MATERIAL PROVIDED:
------------------------------------------------
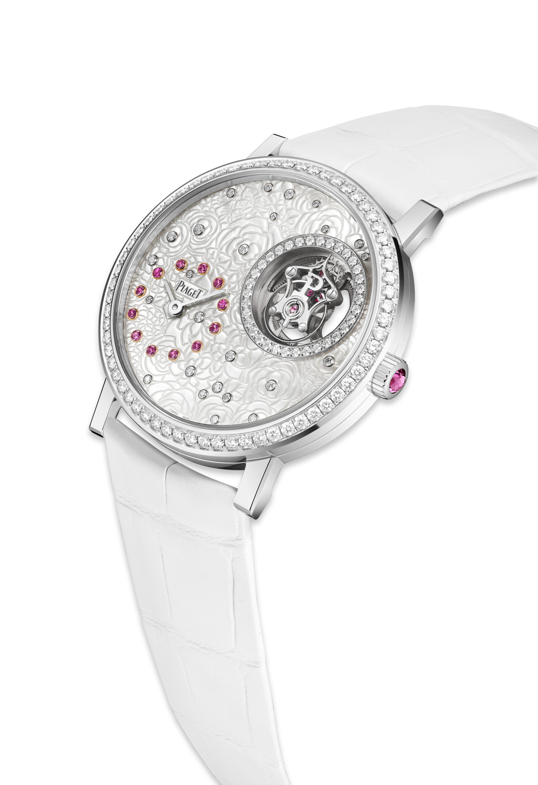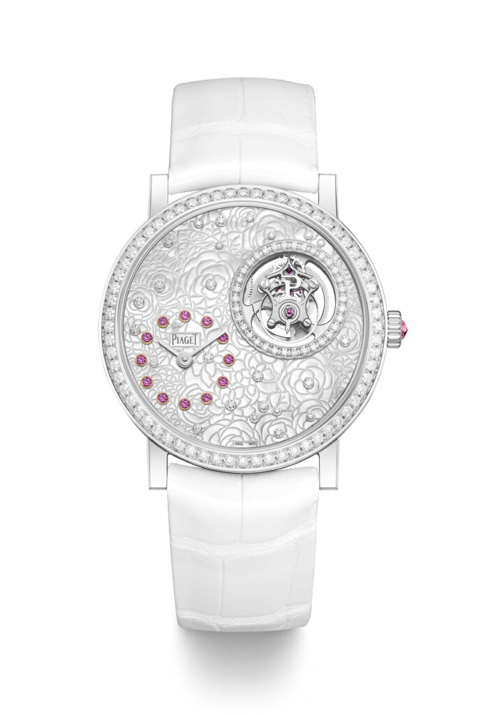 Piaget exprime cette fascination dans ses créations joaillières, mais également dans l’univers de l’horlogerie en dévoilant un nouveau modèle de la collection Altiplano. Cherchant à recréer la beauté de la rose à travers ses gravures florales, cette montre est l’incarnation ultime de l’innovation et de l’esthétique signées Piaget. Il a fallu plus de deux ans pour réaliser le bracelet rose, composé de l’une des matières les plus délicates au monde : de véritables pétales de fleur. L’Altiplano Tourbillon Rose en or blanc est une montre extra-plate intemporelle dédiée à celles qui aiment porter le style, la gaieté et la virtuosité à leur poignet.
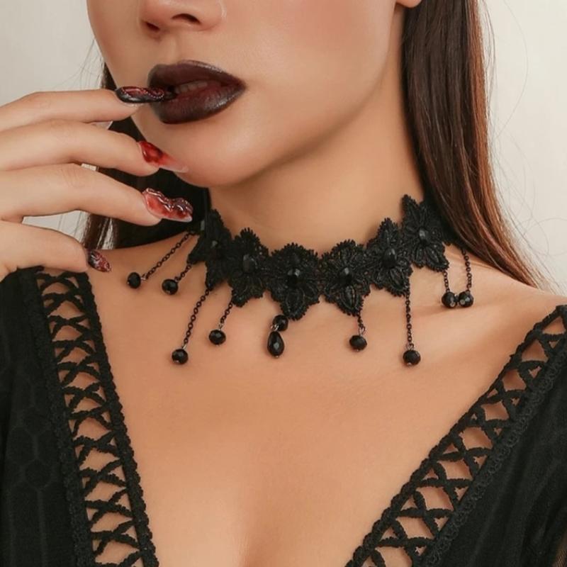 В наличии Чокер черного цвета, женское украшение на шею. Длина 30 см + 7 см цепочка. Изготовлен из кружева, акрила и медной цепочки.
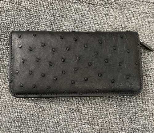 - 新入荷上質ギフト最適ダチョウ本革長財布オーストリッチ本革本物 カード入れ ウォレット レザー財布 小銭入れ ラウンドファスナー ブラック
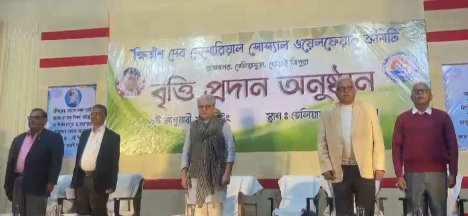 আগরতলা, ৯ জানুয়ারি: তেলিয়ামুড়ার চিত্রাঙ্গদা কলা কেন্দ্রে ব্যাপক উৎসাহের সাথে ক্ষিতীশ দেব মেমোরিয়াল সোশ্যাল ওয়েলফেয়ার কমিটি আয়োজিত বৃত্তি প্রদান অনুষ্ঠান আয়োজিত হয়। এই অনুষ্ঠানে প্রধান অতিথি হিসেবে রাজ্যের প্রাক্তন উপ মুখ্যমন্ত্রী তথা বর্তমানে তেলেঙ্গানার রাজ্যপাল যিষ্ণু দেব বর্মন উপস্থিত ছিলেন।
------------------------------------------------
EXERCISE:
Everything from the line containing "- 新入荷上質ギフト最適ダチョウ本革長財布オーストリッチ本革本物 カード入れ" to the last line of the listing above is to be written out exactly, except the pictures, and nothing else.

RESPONSE TO THE TASK:
 - 新入荷上質ギフト最適ダチョウ本革長財布オーストリッチ本革本物 カード入れ ウォレット レザー財布 小銭入れ ラウンドファスナー ブラック
 আগরতলা, ৯ জানুয়ারি: তেলিয়ামুড়ার চিত্রাঙ্গদা কলা কেন্দ্রে ব্যাপক উৎসাহের সাথে ক্ষিতীশ দেব মেমোরিয়াল সোশ্যাল ওয়েলফেয়ার কমিটি আয়োজিত বৃত্তি প্রদান অনুষ্ঠান আয়োজিত হয়। এই অনুষ্ঠানে প্রধান অতিথি হিসেবে রাজ্যের প্রাক্তন উপ মুখ্যমন্ত্রী তথা বর্তমানে তেলেঙ্গানার রাজ্যপাল যিষ্ণু দেব বর্মন উপস্থিত ছিলেন।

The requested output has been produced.